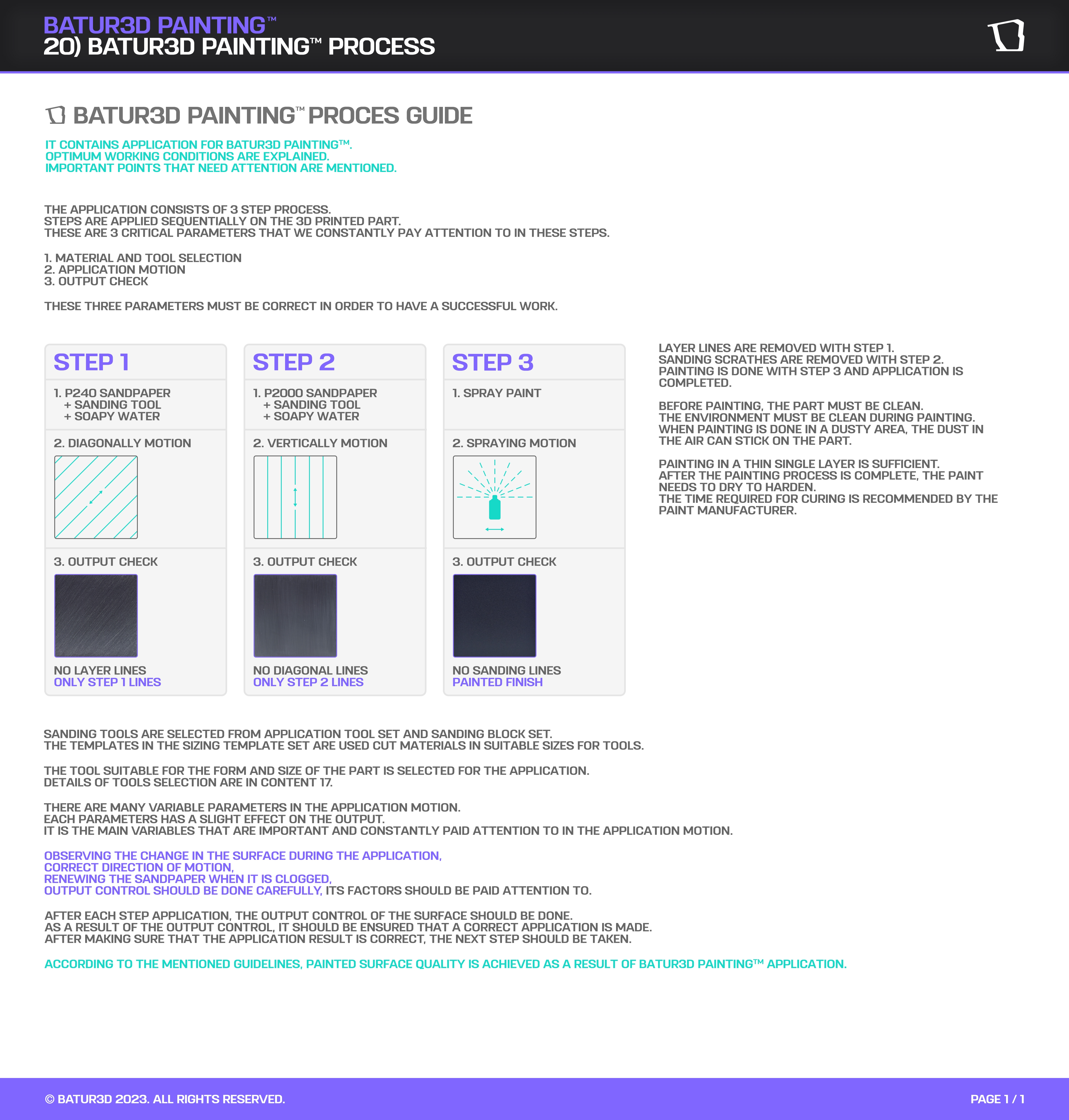 BATUR3D PAINTING™ process main elements and all details are presented to you. When applying, care should always be taken to do a correct work. For this, the specified guidelines must be followed. 3 steps are applied in a sequential manner. Working outside the instructions in any step, working sloppy, may cause an erroneous result. It is a practical procedure. Motip Carat Spray Paint is the recommended product for application. Other paint brands whose quality you are sure of can also be used in the application. Using this system, you can apply BATUR3D PAINTING™ on your products and get premium painted surface quality.
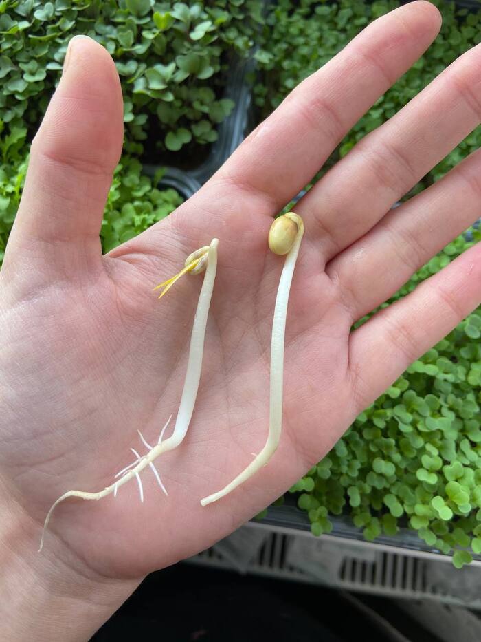 Единственное, пока занималась корнями, успели поймать солнечного утреннего света от окна, немного слегка позеленели семядоли у сои и немного насыщеннее желтые листики стали у маша
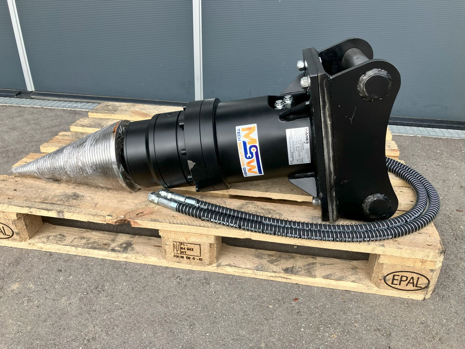 Ob Rundholz oder Problemhölzer, unser Kegelspalter ist optimal einsetzbar um Rundholz bzw. Problemhölzer effektiv und bequem zu Spalten! Die spezielle Form des Kegelspalters und das Planetengetriebe sprengen auch die dicksten Baumstämme bei geringer Maschinenleistung. Durch die optimal angepasste Gewindesteigung schraubt sich der Kegelspalter problemlos ins Holz. Die äußerst massive Bauweise aller Komponenten gewährleistet eine hohe Spaltkraft und eine lange Lebensdauer des Kegelspalters. Durch das Planetengetriebe wird ein sehr starkes Drehmoment von 3760Nm erzeugt. Das Ausgangsdrehmoment des Hydraulikmotors wird effizient multipliziert und sorgt für extreme Leistungsfähigkeit und lange Lebensdauer. Durch eine 65mm Aufnahme können Sie ebenfalls Erdbohrerkronen verwenden. Modell HKS400 Zustand Neuware Gewichtsklasse 3–6 t Bagger Max. Drehmoment 3760 Nm Gewicht 163 kg (Grundmotor mit Drillkegel) Betriebsdruck 100–170 bar Öldurchfluss 40–75 l/min Drehzahl 35–98 Umdrehungen/min Holzdurchmesser 800 mm (max) Antriebswelle 65 mm (rund) Abmessungen 930x400 mm (Grundmotor mit Drillkegel) Kegeldurchmesser 200 mm Kegelspitze austauschbar Mehr Details auf Anfrage, andere Größen siehe weiter Anzeigen Preis inkl. Mwst: bezieht sich auf die Abgebildeten Erdbohrer, ohne Aufnahme, ohne Schläuche Aufnahmen: Folgende Aufnahme (mit Grundplatte) können wir mit Aufpreis anbieten: Lehnhof MS01/Verachtert CW05/Martin MH01- 208,00 € Lehnhof MS03/Martin & Geel MH03/ - 234,00 € Lehnhof MS08/Verachtert CW10/ Martin& Geel MH10 - 523,00 € Schläuche: Schläuche mit Schlauchschutz - 60 € Steckkupplungen auf Anfrage: Lieferumfang: Betriebsanleitung Ersatzteilliste CE Konformitätserklärung Viele andere Modelle & Größen im Shop verfügbar. Bestens geeignet für, Takeuchi, Kubota, Kobelco, Cat, Liebherr, Hitachi, Wacker Neuson, Bobcat, Dosan, Case usw Mit Martin, Geel, Engl, BDS, Lehnhof, Wimmer Aufnahme usw.
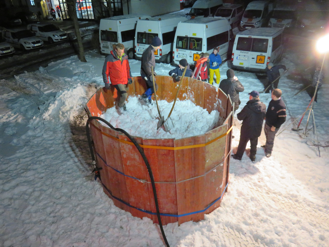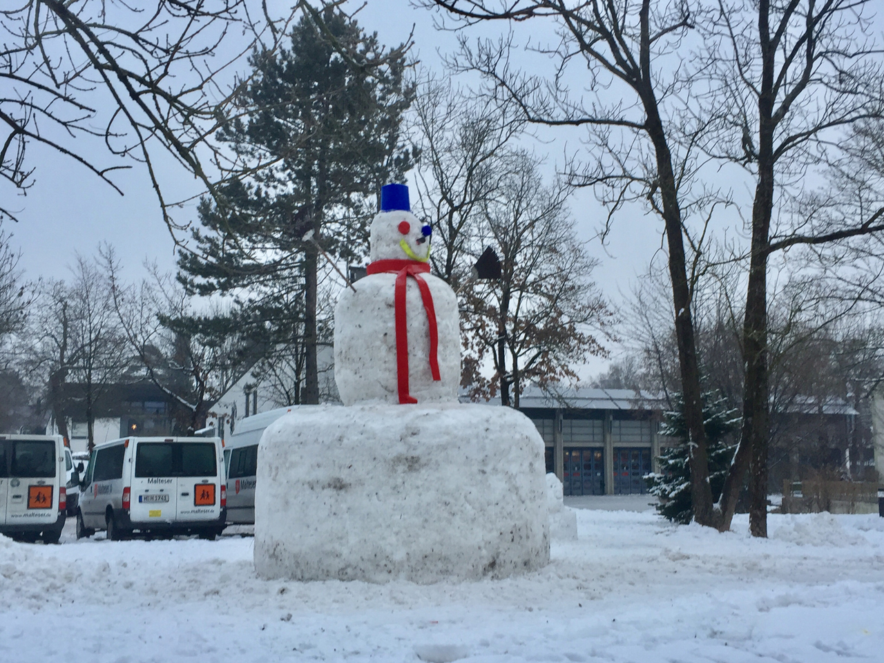 Die schneereichen Tage veranlassten uns, dass wir am 10. Januar, eine Idee umsetzten, die ein jedes Kinderherz höher schlagen lassen. Es sollte nicht nur ein handelsüblicher Schneemann werden. Mit diversen Hilfsmitteln haben die Feuerwehrkameraden einen überdimensionalen Schneemann kreiert. Er ist knapp 5 Meter hoch und dürfte damit in Gräfelfing und Umgebung der größte Schneemann sein. Für einen jeden, der hier vorbeikommt, steht er für alle gut sichtbar an der Bahnhofstraße und wacht dabei über unser Gerätehaus. Etwa 20 fleissige Kameraden benötigten für den Bau fast fünfeinhalb Stunden Zeit um diesen, wenn auch nur vorübergehenden Eyecatcher, entstehen zu lassen.
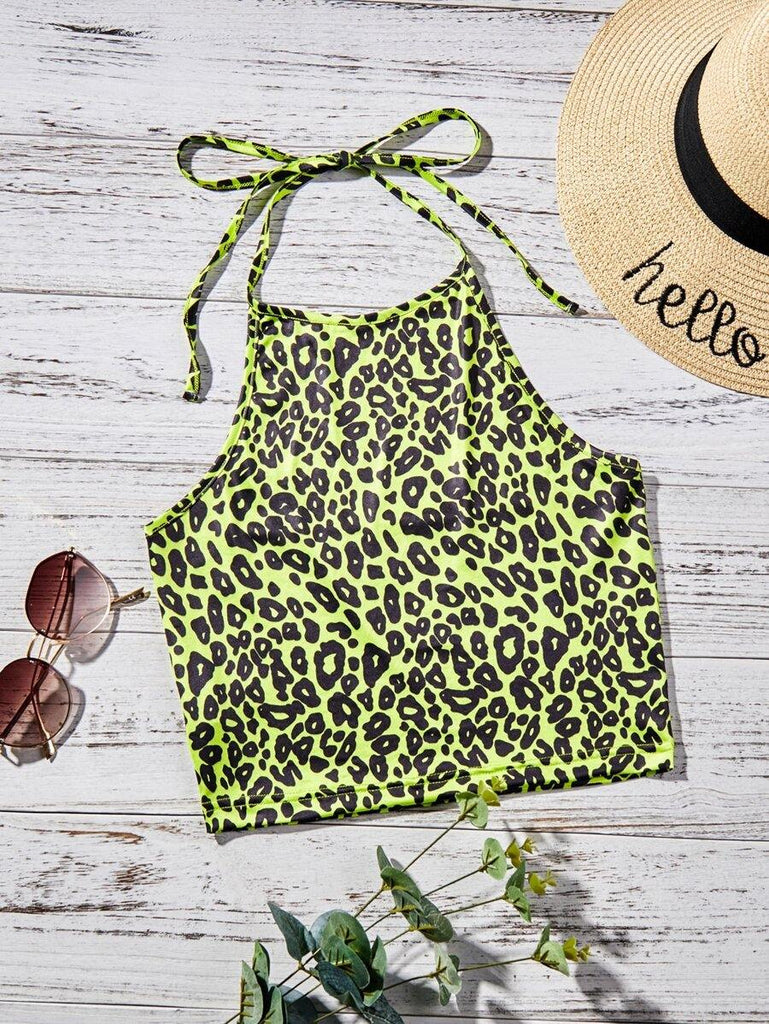 Leopard Print Tie Back Halter Top - $17.00 SGD
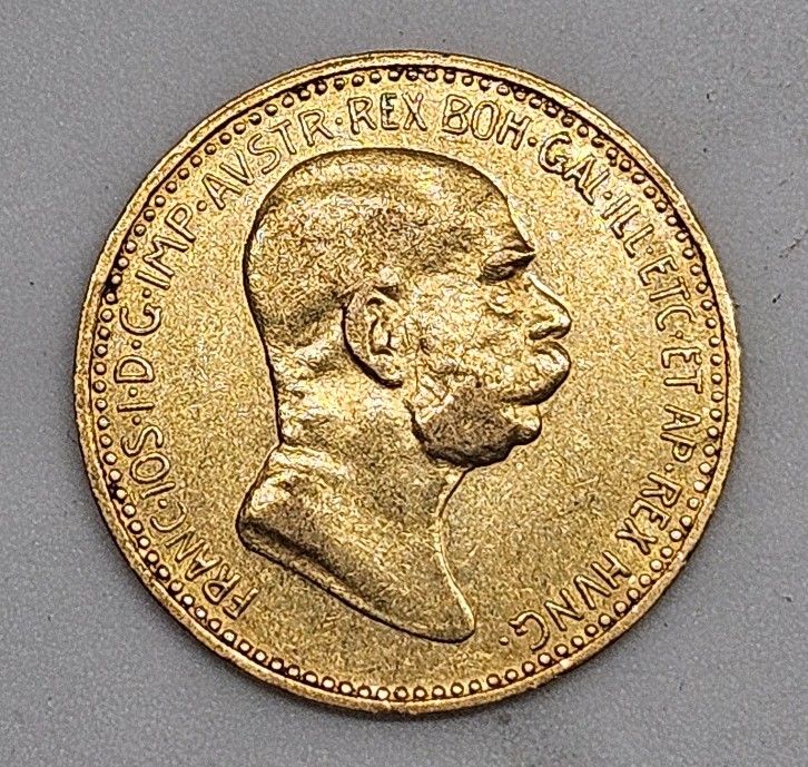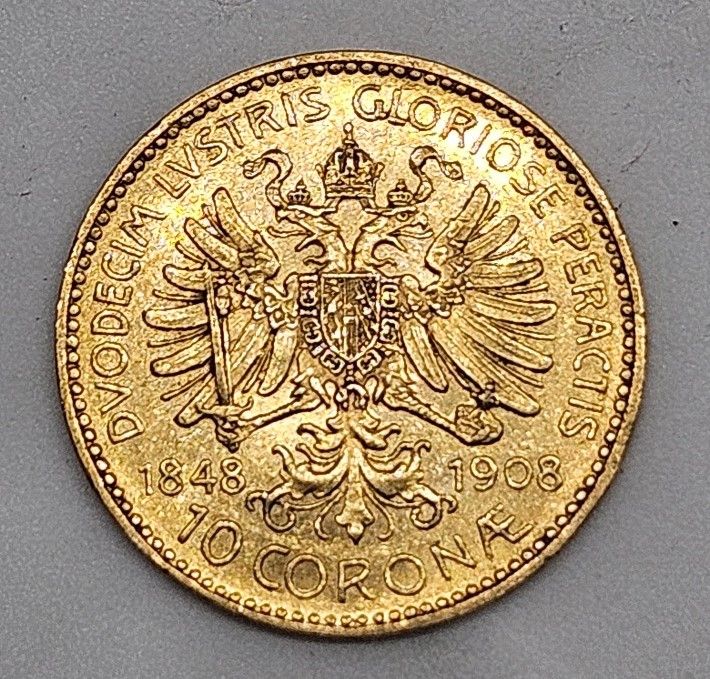 10 Koruna 1908 Jubilejní k 60 let vlády Františka Josefa I. - Au/Zlato 900/1000, 19mm, 3,387g (10)
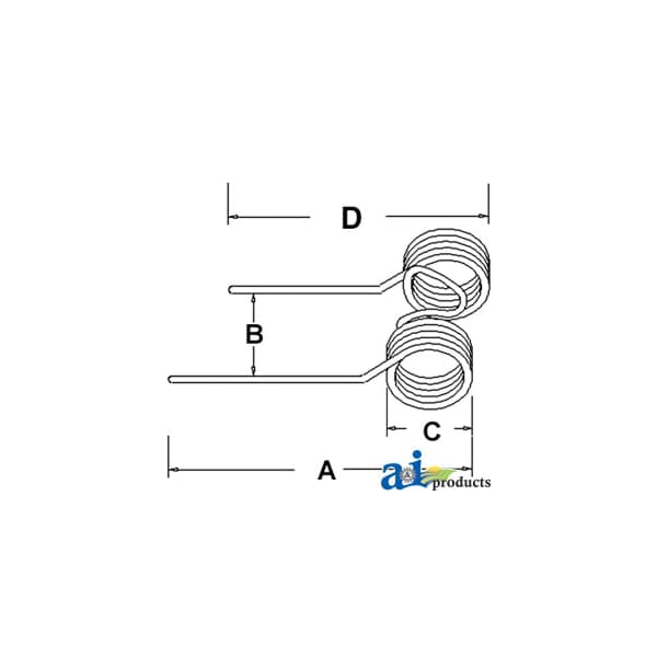 Tedder Tooth (RH), : gap is 4.37". Fits Zweeger hay tedders., Dim A (1): 16.50", Dim B (2): 4.37", Dim C (3): 1.65", Dim D (4): 15.43", Dim H (8): 20, Web Notes: New tedder tooth. The long tine length is 16.50", short tine s 15.43". Coil O.D. is 1.65" and tine
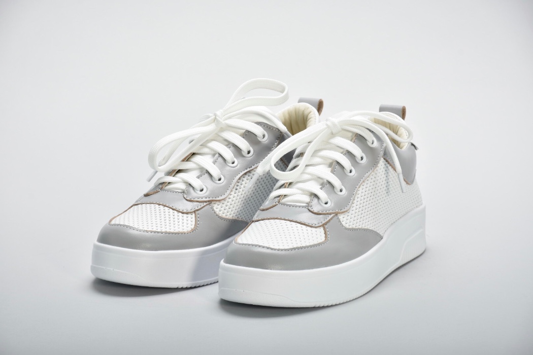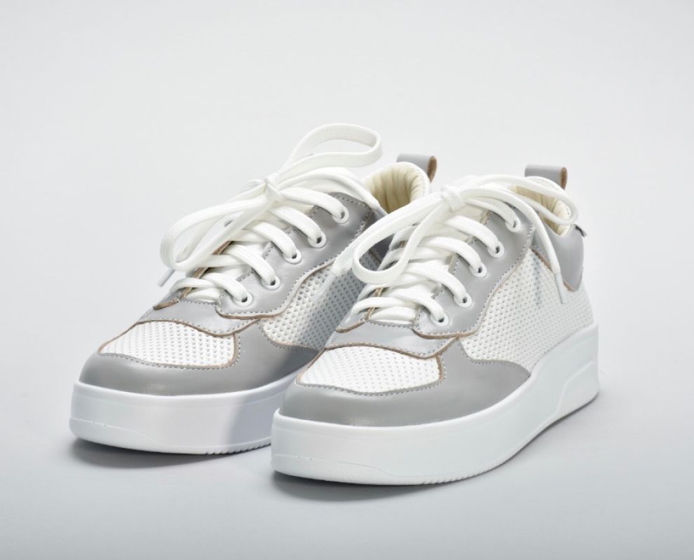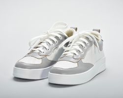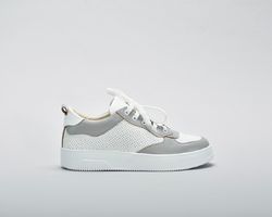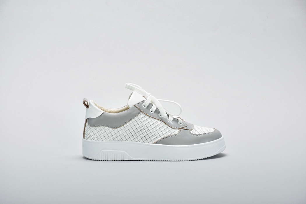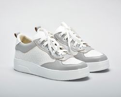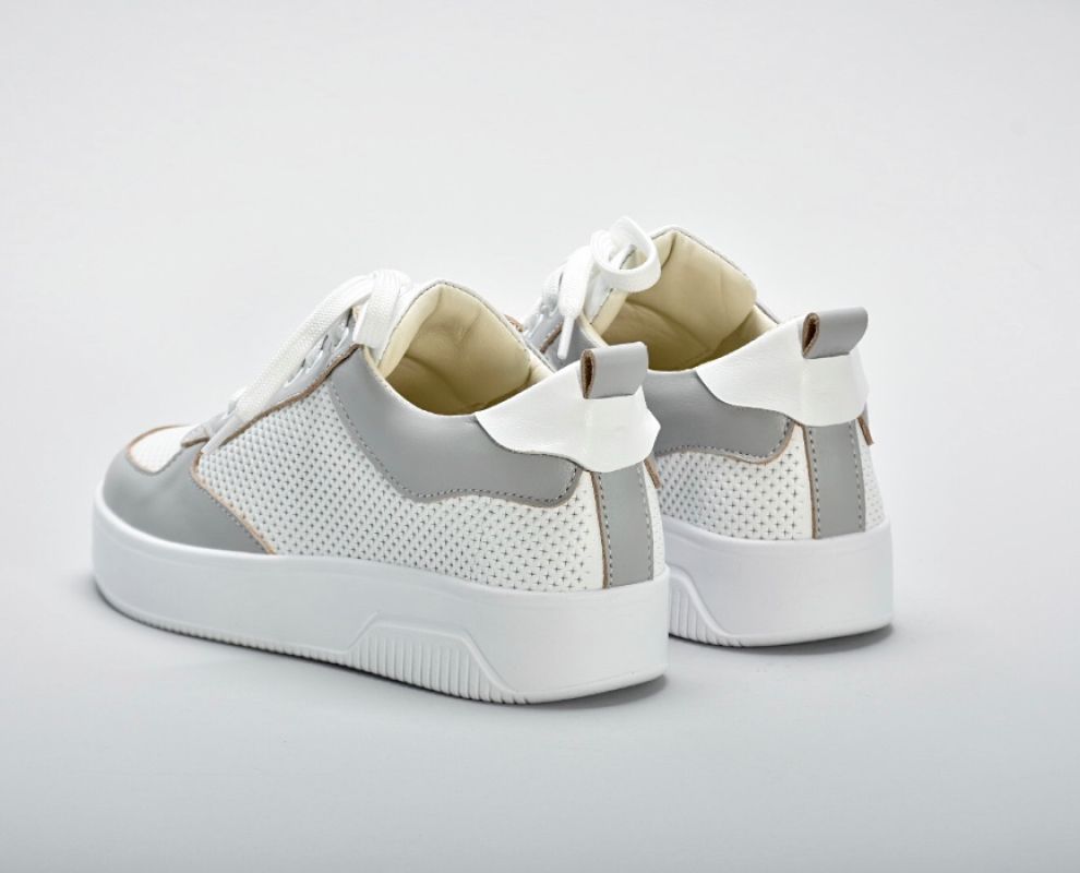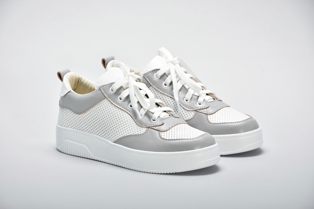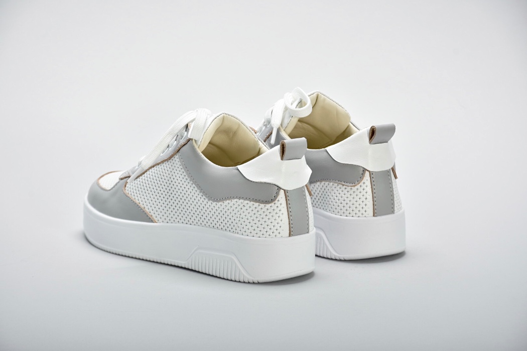 Комбінація білої та сірої натуральної шкіри створюють яскравий контраст.
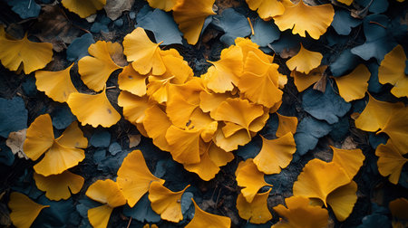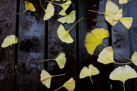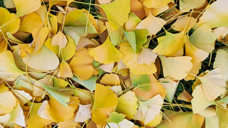 Ginkgo leaves on the ground in autumn. Autumn background.
-- -- --
Everything in the listing above is to be given again exactly, apart from the pictures.

**Exercise result**
 BATUR3D PAINTING™ process main elements and all details are presented to you. When applying, care should always be taken to do a correct work. For this, the specified guidelines must be followed. 3 steps are applied in a sequential manner. Working outside the instructions in any step, working sloppy, may cause an erroneous result. It is a practical procedure. Motip Carat Spray Paint is the recommended product for application. Other paint brands whose quality you are sure of can also be used in the application. Using this system, you can apply BATUR3D PAINTING™ on your products and get premium painted surface quality.
 Единственное, пока занималась корнями, успели поймать солнечного утреннего света от окна, немного слегка позеленели семядоли у сои и немного насыщеннее желтые листики стали у маша
 Ob Rundholz oder Problemhölzer, unser Kegelspalter ist optimal einsetzbar um Rundholz bzw. Problemhölzer effektiv und bequem zu Spalten! Die spezielle Form des Kegelspalters und das Planetengetriebe sprengen auch die dicksten Baumstämme bei geringer Maschinenleistung. Durch die optimal angepasste Gewindesteigung schraubt sich der Kegelspalter problemlos ins Holz. Die äußerst massive Bauweise aller Komponenten gewährleistet eine hohe Spaltkraft und eine lange Lebensdauer des Kegelspalters. Durch das Planetengetriebe wird ein sehr starkes Drehmoment von 3760Nm erzeugt. Das Ausgangsdrehmoment des Hydraulikmotors wird effizient multipliziert und sorgt für extreme Leistungsfähigkeit und lange Lebensdauer. Durch eine 65mm Aufnahme können Sie ebenfalls Erdbohrerkronen verwenden. Modell HKS400 Zustand Neuware Gewichtsklasse 3–6 t Bagger Max. Drehmoment 3760 Nm Gewicht 163 kg (Grundmotor mit Drillkegel) Betriebsdruck 100–170 bar Öldurchfluss 40–75 l/min Drehzahl 35–98 Umdrehungen/min Holzdurchmesser 800 mm (max) Antriebswelle 65 mm (rund) Abmessungen 930x400 mm (Grundmotor mit Drillkegel) Kegeldurchmesser 200 mm Kegelspitze austauschbar Mehr Details auf Anfrage, andere Größen siehe weiter Anzeigen Preis inkl. Mwst: bezieht sich auf die Abgebildeten Erdbohrer, ohne Aufnahme, ohne Schläuche Aufnahmen: Folgende Aufnahme (mit Grundplatte) können wir mit Aufpreis anbieten: Lehnhof MS01/Verachtert CW05/Martin MH01- 208,00 € Lehnhof MS03/Martin & Geel MH03/ - 234,00 € Lehnhof MS08/Verachtert CW10/ Martin& Geel MH10 - 523,00 € Schläuche: Schläuche mit Schlauchschutz - 60 € Steckkupplungen auf Anfrage: Lieferumfang: Betriebsanleitung Ersatzteilliste CE Konformitätserklärung Viele andere Modelle & Größen im Shop verfügbar. Bestens geeignet für, Takeuchi, Kubota, Kobelco, Cat, Liebherr, Hitachi, Wacker Neuson, Bobcat, Dosan, Case usw Mit Martin, Geel, Engl, BDS, Lehnhof, Wimmer Aufnahme usw.
 Die schneereichen Tage veranlassten uns, dass wir am 10. Januar, eine Idee umsetzten, die ein jedes Kinderherz höher schlagen lassen. Es sollte nicht nur ein handelsüblicher Schneemann werden. Mit diversen Hilfsmitteln haben die Feuerwehrkameraden einen überdimensionalen Schneemann kreiert. Er ist knapp 5 Meter hoch und dürfte damit in Gräfelfing und Umgebung der größte Schneemann sein. Für einen jeden, der hier vorbeikommt, steht er für alle gut sichtbar an der Bahnhofstraße und wacht dabei über unser Gerätehaus. Etwa 20 fleissige Kameraden benötigten für den Bau fast fünfeinhalb Stunden Zeit um diesen, wenn auch nur vorübergehenden Eyecatcher, entstehen zu lassen.
 Leopard Print Tie Back Halter Top - $17.00 SGD
 10 Koruna 1908 Jubilejní k 60 let vlády Františka Josefa I. - Au/Zlato 900/1000, 19mm, 3,387g (10)
 Tedder Tooth (RH), : gap is 4.37". Fits Zweeger hay tedders., Dim A (1): 16.50", Dim B (2): 4.37", Dim C (3): 1.65", Dim D (4): 15.43", Dim H (8): 20, Web Notes: New tedder tooth. The long tine length is 16.50", short tine s 15.43". Coil O.D. is 1.65" and tine
 Комбінація білої та сірої натуральної шкіри створюють яскравий контраст.
 Ginkgo leaves on the ground in autumn. Autumn background.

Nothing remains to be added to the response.